[Extracted records]
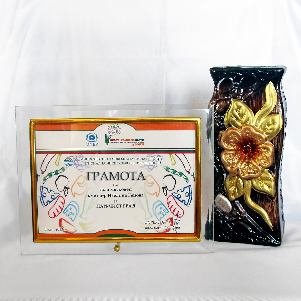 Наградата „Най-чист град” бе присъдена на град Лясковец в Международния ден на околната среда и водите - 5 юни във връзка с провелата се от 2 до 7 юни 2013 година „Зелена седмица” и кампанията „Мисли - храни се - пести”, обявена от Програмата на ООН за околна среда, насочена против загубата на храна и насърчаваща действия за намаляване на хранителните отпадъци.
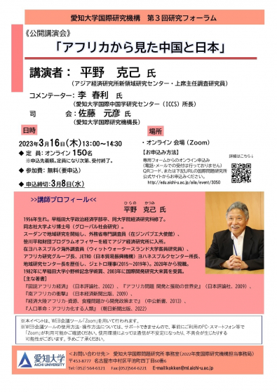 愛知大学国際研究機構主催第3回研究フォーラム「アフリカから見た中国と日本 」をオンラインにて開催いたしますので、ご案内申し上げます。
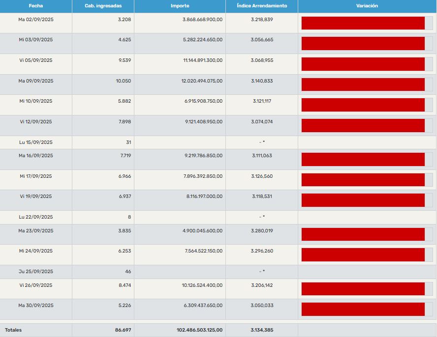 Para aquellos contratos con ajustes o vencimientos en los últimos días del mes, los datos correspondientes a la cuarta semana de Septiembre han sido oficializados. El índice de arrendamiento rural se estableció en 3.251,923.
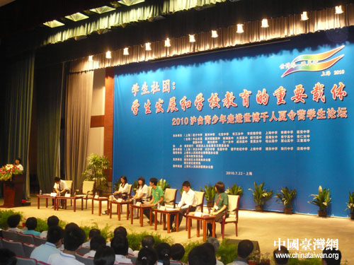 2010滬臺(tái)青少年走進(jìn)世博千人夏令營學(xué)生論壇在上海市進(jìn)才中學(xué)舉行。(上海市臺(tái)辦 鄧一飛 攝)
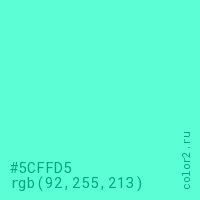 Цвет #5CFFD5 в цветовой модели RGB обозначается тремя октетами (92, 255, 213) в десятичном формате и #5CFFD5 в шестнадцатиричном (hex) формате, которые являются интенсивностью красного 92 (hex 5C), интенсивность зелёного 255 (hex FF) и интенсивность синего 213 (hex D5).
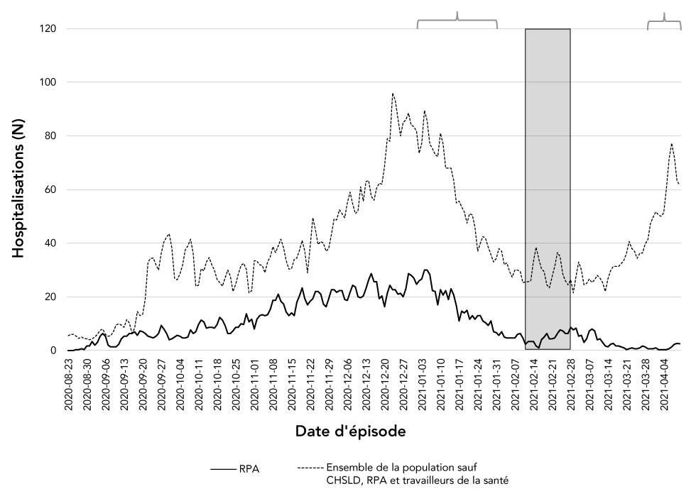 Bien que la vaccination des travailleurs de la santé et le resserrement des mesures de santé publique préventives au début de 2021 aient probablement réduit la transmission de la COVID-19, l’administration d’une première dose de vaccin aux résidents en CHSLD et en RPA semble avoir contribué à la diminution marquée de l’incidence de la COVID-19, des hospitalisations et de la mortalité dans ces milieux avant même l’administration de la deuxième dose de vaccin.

> [Activity] The records above are to be transcribed in full, with images omitted.

> [Expected answer]
 Наградата „Най-чист град” бе присъдена на град Лясковец в Международния ден на околната среда и водите - 5 юни във връзка с провелата се от 2 до 7 юни 2013 година „Зелена седмица” и кампанията „Мисли - храни се - пести”, обявена от Програмата на ООН за околна среда, насочена против загубата на храна и насърчаваща действия за намаляване на хранителните отпадъци.
 愛知大学国際研究機構主催第3回研究フォーラム「アフリカから見た中国と日本 」をオンラインにて開催いたしますので、ご案内申し上げます。
 Para aquellos contratos con ajustes o vencimientos en los últimos días del mes, los datos correspondientes a la cuarta semana de Septiembre han sido oficializados. El índice de arrendamiento rural se estableció en 3.251,923.
 2010滬臺(tái)青少年走進(jìn)世博千人夏令營學(xué)生論壇在上海市進(jìn)才中學(xué)舉行。(上海市臺(tái)辦 鄧一飛 攝)
 Цвет #5CFFD5 в цветовой модели RGB обозначается тремя октетами (92, 255, 213) в десятичном формате и #5CFFD5 в шестнадцатиричном (hex) формате, которые являются интенсивностью красного 92 (hex 5C), интенсивность зелёного 255 (hex FF) и интенсивность синего 213 (hex D5).
 Bien que la vaccination des travailleurs de la santé et le resserrement des mesures de santé publique préventives au début de 2021 aient probablement réduit la transmission de la COVID-19, l’administration d’une première dose de vaccin aux résidents en CHSLD et en RPA semble avoir contribué à la diminution marquée de l’incidence de la COVID-19, des hospitalisations et de la mortalité dans ces milieux avant même l’administration de la deuxième dose de vaccin.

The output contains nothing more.